185 node-positive breast cancer patients were evaluated. All had standardized treatment and surveillance protocols. CXCR4 levels were detected with Western blots. Results were quantified against 1 µg of HeLa cells. CXCR4 expression was defined as high (≥ 7.5-fold) or low (<7.5-fold). Primary endpoints were cancer recurrence and death. Statistical analyses were Kaplan-Meier curves, log-rank test, and Cox proportional hazard model, with a P-value of ≤ 0.05 as significant.

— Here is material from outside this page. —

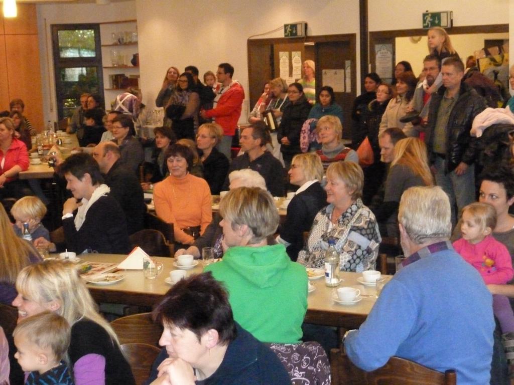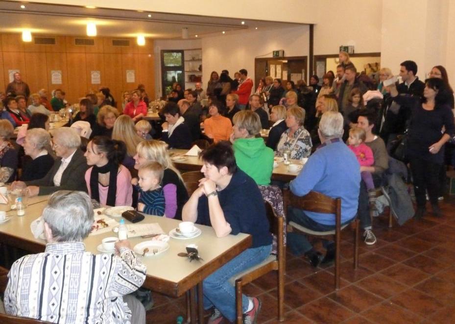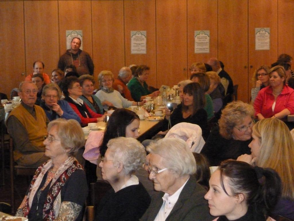 Am späten Nachmittag lockten verführerische Düfte zum Abendessen. Grillrote mit Brötchen und Sauerkraut mit Kassler und einer Scheibe köstlichen Bauernbrotes luden die Gäste zum gemeinsamen Essen ein. Nur schade, dass dieses Angebot nicht noch ein paar weitere Liebhaber animieren konnte, hatten sich doch die vielen fleißigen Helfer und Helferinnen in der Gemeindehausküche bestens auf einen großen Ansturm vorbereitet. Trotzdem: es gab ausführlich Gelegenheit, bei einem Schwätzchen an den schön gedeckten Tischen sich gut zu unterhalten und den Einen oder die Andere aus der Gemeinde mal wieder zu sehen und Kontakte zu pflegen. Ein herzlicher Dank gilt allen, die zum Gelingen des Bazars beigetragen haben, der auch einen guten finanziellen Erfolg erbrachte.

The mean follow-up time was 54 months; 148 patients (80%) had low CXCR4 and 37 patients (20%) had high CXCR4 level. The 5-year overall survival (OS) for the low and high CXCR4 group was 69% and 57%, respectively (P=0.02). The 5-year disease-free survival (DFS) for the low and high CXCR4 group was 62% and 53%, respectively (P=0.08). On multivariate analysis, T stage (P=0.001) and grade (P=0.04) were independent predictors of DFS, while T stage (P=0.005), grade (P=0.024), and CXCR4 level (P=0.01) were independent predictors of OS.
High CXCR4 level in cancer specimens independently predicts a poor outcome for patients with node-positive breast cancer.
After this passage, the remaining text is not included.